We regrid all output onto a regular lat-lon grid with 1 degree lateral resolution. First we construct the dataset with the coordinates that we want to regrid onto.

[8]:
ds_out = xesmf.util.grid_global(1, 1)

ds_out = ds_out.drop({'lon_b', 'lat_b'})

# let's shift our longitude grid so that it spans [-280, 80] instead [-180, 180]
# this is just for plotting purposes so that the seam is in the Indian Ocean
# rather than in the middle of the Pacific Ocean
ds_out = ds_out.assign_coords({'lon': ds_out.lon - 100.})

ds_out = ds_out.rename({'lon': 'longitude', 'lat': 'latitude'})
ds_out
[8]:
<xarray.Dataset> Size: 1MB
Dimensions:    (y: 180, x: 360)
Coordinates:
    longitude  (y, x) float64 518kB -279.5 -278.5 -277.5 ... 77.5 78.5 79.5
    latitude   (y, x) float64 518kB -89.5 -89.5 -89.5 -89.5 ... 89.5 89.5 89.5
Dimensions without coordinates: y, x
Data variables:
    *empty*

Let’s have a look how the original ACCESS-OM2 1\(^\circ\) grid (with the tripolar north of 65\(^\circ\)N) compares with the “sane” latitude-longitude 1\(^\circ\) grid.

[9]:
projection = ccrs.cartopy.crs.Orthographic(central_longitude=0.0, central_latitude=90)
fig, axes = plt.subplots(ncols = 2, subplot_kw={'projection': projection}, figsize = (14, 8))

axes[0].scatter(ssh_1['longitude'], ssh_1['latitude'], s=0.1, transform=ccrs.PlateCarree())  # plot grid locations
axes[0].set_title('original ACCESS-OM 1deg grid', fontsize=18)

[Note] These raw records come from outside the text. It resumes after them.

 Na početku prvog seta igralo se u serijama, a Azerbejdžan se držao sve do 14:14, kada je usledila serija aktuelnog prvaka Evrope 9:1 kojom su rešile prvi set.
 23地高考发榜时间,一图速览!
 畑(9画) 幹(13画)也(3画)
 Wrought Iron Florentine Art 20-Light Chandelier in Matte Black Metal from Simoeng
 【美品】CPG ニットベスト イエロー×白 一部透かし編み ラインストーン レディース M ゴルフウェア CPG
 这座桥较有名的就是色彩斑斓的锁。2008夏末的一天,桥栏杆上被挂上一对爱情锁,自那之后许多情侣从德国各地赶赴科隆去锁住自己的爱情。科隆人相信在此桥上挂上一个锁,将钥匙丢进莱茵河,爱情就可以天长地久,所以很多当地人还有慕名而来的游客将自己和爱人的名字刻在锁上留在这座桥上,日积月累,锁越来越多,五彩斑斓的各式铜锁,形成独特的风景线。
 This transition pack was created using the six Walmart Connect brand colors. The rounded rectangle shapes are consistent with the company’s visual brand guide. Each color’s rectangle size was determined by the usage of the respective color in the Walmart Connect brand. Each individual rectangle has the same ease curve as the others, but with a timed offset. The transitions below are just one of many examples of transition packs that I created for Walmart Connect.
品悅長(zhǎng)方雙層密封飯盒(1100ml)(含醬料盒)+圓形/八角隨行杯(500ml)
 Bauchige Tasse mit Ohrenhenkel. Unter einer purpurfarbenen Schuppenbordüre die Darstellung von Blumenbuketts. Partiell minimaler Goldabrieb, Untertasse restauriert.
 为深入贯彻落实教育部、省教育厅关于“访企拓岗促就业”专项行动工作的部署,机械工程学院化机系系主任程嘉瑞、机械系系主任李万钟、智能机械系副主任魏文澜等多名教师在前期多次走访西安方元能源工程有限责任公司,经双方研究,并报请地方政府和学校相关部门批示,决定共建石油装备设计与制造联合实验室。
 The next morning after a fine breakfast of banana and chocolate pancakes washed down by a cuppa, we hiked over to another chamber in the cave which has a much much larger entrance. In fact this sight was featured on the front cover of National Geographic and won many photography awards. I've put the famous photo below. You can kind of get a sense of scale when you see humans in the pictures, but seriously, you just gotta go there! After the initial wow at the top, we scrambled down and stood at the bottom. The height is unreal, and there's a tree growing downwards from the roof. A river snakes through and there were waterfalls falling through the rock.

axes[1].scatter(ds_out['longitude'], ds_out['latitude'], s=0.1, transform=ccrs.PlateCarree())  # plot grid locations
axes[1].set_title('1deg lat-lon grid', fontsize=18);

for ax in axes:
    ax.coastlines()
    ax.set_extent([-180, 180, 55, 90], crs=ccrs.PlateCarree())
../_images/DocumentedExamples_Regridding_15_0.png

To regrid our fields we need to construct the three regridders for the three different resolutions using xesmf.Regridder(). The xesmf.Regridder() function takes as input two datasets, one that includes the original grid and one that includes the grids we need to regrid on. (Type ?xesmf.Regridder for the function’s docstring.) The coordinates’ names have to follow CF-convetions and this is why we have renamed, e.g., geolon_t to longitude. We also make sure to drop the 1D coords x and y to force the regridder to use the 2D arrays longitude and latitude.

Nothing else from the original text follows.